May 6, 2025

Citi and SDX to Tokenize Private Markets in $75B Blockchain Bet

Citigroup is joining forces with Switzerland’s SIX Digital Exchange (SDX) to bring blockchain to one of finance’s final frontiers: the private markets. The two firms are launching a platform to tokenize late-stage private company shares, offering institutional and qualified investors streamlined access to assets that have long been opaque, illiquid, and manually managed.

Announced at the Point Zero Forum in Switzerland, the project will run on SDX’s blockchain-enabled Central Securities Depository (CSD) and is expected to go live by Q3 2025. It aims to digitize equity distribution and safekeeping for high-growth, pre-IPO companies—allowing issuers to unlock liquidity for early employees and investors without sacrificing cap table control.

For investors, the model provides greater transparency and easier exposure to private firms traditionally difficult to access. For issuers, it offers a compliant, scalable solution to manage investor flows and administrative overhead. SDX Head David Newns called the initiative a “landmark project” for private share tokenization.

Citi Steps in as Tokenization Agent and Custodian

Taking center stage in the project, Citi will serve as both digital custodian and tokenization agent—offering end-to-end servicing for the new tokenized assets. The move reflects Citi’s long-term commitment to blockchain finance and positions the bank as one of the few global institutions bridging traditional capital markets with digital infrastructure.

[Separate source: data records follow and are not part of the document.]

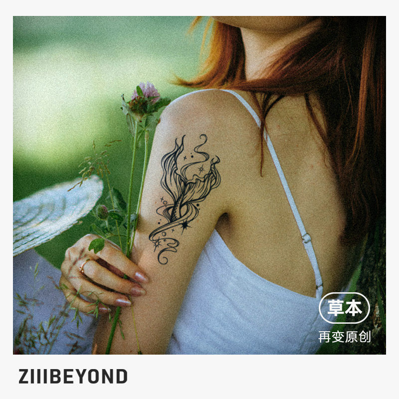 精灵鱼尾保持久美人鱼草本纹身贴纸防水女持久性感果汁后背 再变
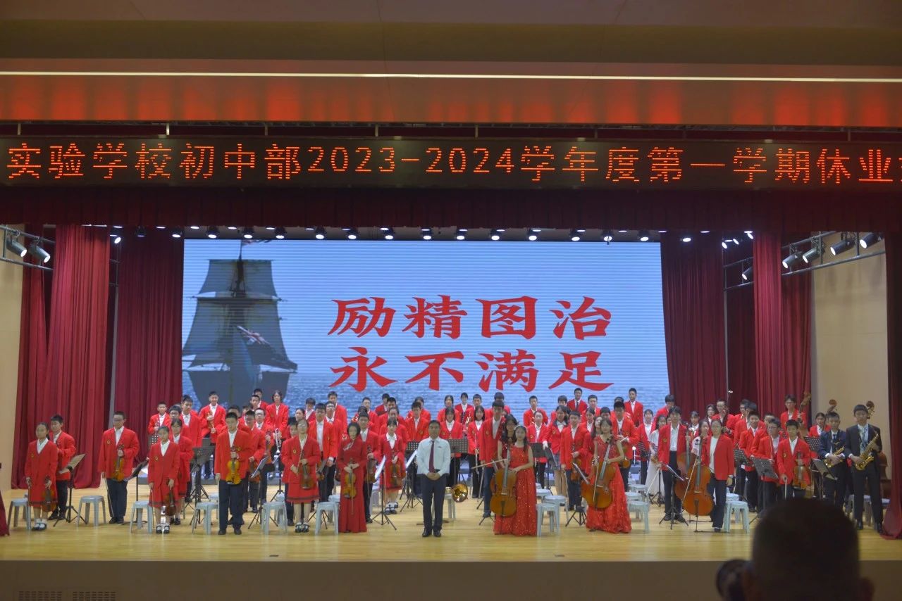 1月19日上午9:00,深圳实验学校初中部于报告厅召开本学期休业式,全体师生到场参会。开场环节中,音乐学科杨文政老师带领初中部学生交响乐团演奏了肖斯塔科维奇《第二圆舞曲》与《加勒比海盗》主题曲。
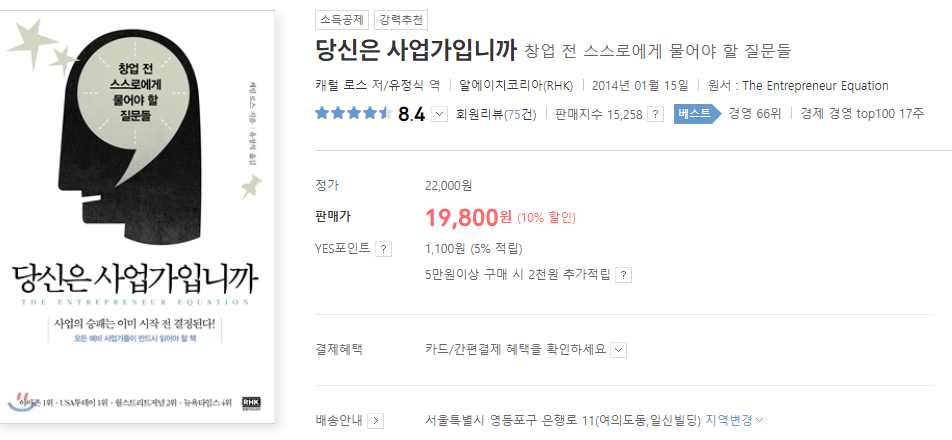 얼마 전에 읽었던 책 중에 하나를 리뷰하고자 합니다. 당신은 사업가입니까 라는 책입니다. 많은 분들이 경기가 어렵다 보니 직접 회사에서 나와서 무언가 사업을 해보려고 하시는 분들이 많습니다.
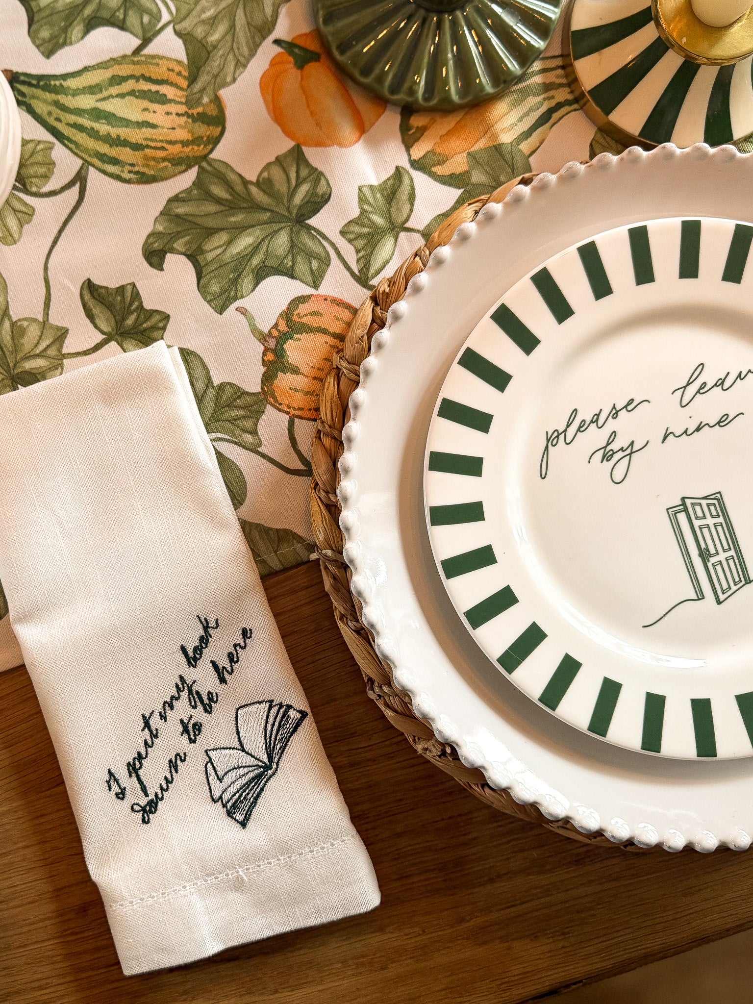 A plate that knows when the party should end. Our Please Leave by Nine dinner plate combines timeless British design with a knowing wink, featuring a crisp green striped border and a playful message at its centre. Hand-crafted in Stoke-on-Trent, the home of fine English ceramics, it’s a dinner party essential for hosts who like to serve up good food alongside gentle hints. Pair it with your favourite Avalon Home napkins for a table setting that’s both elegant and ever-so-slightly cheeky.
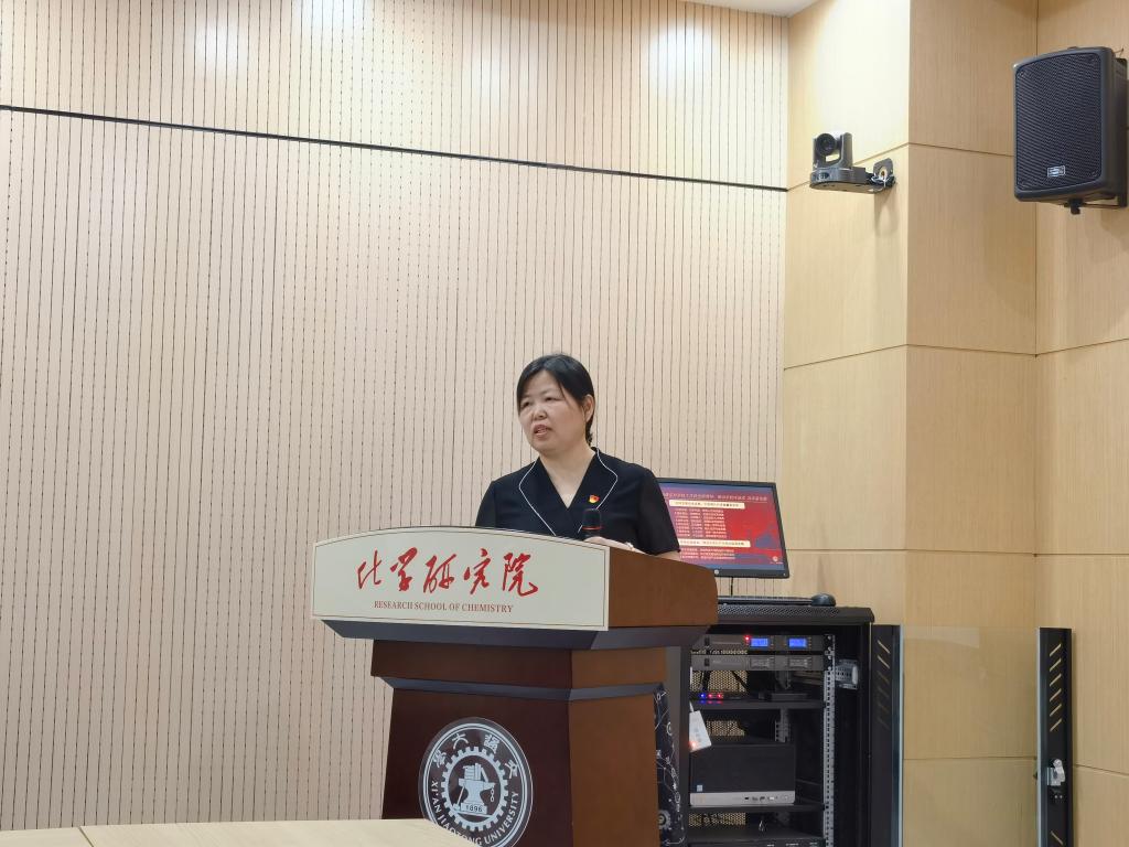 发展历史沿革,有序介绍了学院发展现状与学科布局;提出了目前化学学科发展面临的问题与挑战及对于学科发展的思考。她指出化学学科理应面向世界科技前沿,开展挑战导向型研究;面向经济主战场,开展质量导向型研究;面向人民生命健康,开展使命导向型研究;面向国家重大需求,开展任务导向型研究。最后,梁军艳老师将化学发展与哲学有机结合起来,对化学发展进行了哲学定位,鼓励我们为了学科发展贡献出自己的一份力量!
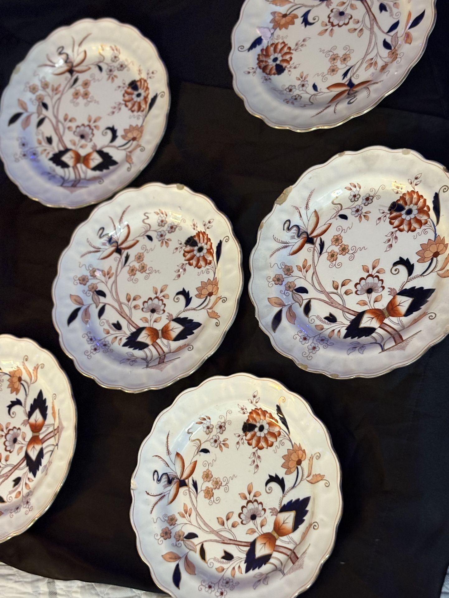 Scarce set of 6 dinner plates by Booths in the Fresian Pattern, No A8022 с. 1 The pattern features a transfer printed Imari floral with hand-painted orange, cobalt blue, light blue and gold accents. Back is stamped with the stamp crown above Booths Made in England Fresian A8022. Each measure 9 and 7/8ths in diameter. Each plate does have a chip or 2 but can be repaired if desired. A fine addition to any collection! Selling $100 for the set or $20 per plate eBay ad for plates in better condition show their value .
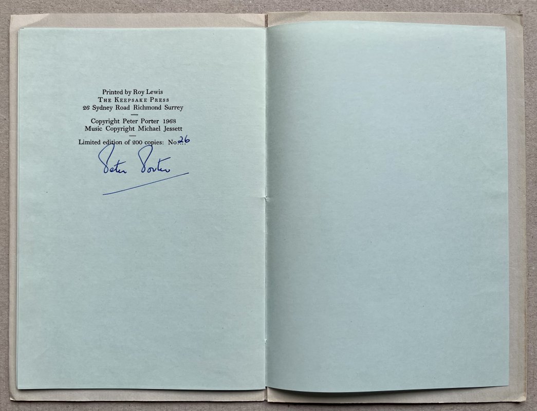 SIGNED, LIMITED EDITION, No. 26 of 200 copies. Stitched softback (approx. 22 x 14.5cm) with French fold paper wraps with linocut title to front cover. Text on pale blue stock, pages unnumbered, illustrated with three turquoise linocuts and with a gatefold score of the accompanying music. Signed and numbered by the Author in blue ink to Limitation page at end. No other markings or inscriptions. Slight show-through from linocut illustrations. Faint crease to top outer corner of front cover, else a VERY GOOD COPY.

“We’re meeting client demand for access to emerging digital asset ecosystems,” said Ryan Marsh, Citi’s Global Head of Innovation for Investor Services.

“Tokenization is evolving into a core enabler of automation, liquidity, and access across markets.”

Citi’s track record in the space is notable. In 2023, the bank launched its proprietary Citi Token Services platform, and by 2024, it had already partnered with Ava Labs to explore tokenized private equity. Now, with SDX, it’s bringing those efforts to the private markets—a $75 billion sector still dominated by legacy workflows and paperwork.

BlackRock, Telegram, and Dubai Deals Signal Broader Tokenization Boom

The Citi–SDX project isn’t launching in a vacuum. Financial institutions across the globe are racing to tap real-world asset (RWA) tokenization as blockchain infrastructure gains legitimacy. Just last week, BlackRock filed to launch a blockchain-native share class for its $150 billion Treasury Trust Fund—a move that could bring institutional-grade assets onto distributed ledgers for the first time.

Meanwhile, Libre announced plans to tokenize $500 million in Telegram-linked debt through its new Telegram Bond Fund, targeting digital-native capital pools. And in the Middle East, MultiBank Group signed a staggering $3 billion agreement with UAE property developer MAG and blockchain platform Mavryk to tokenize real estate.

These developments are ushering in a new phase where blockchain technology isn’t just being piloted—it’s being implemented at scale by the world’s largest capital allocators.

Quick Facts

  • Citigroup and SIX Digital Exchange (SDX) are collaborating to tokenize late-stage private shares, modernizing the $75 billion private markets sector.
  • The platform will operate on SDX’s blockchain-based Central Securities Depository, with launch expected in Q3 2025.
  • Citi will act as digital custodian and tokenization agent, offering full end-to-end servicing of tokenized assets.
  • The partnership aligns with a broader industry trend where major institutions are accelerating real-world asset tokenization across equities, bonds, and real estate.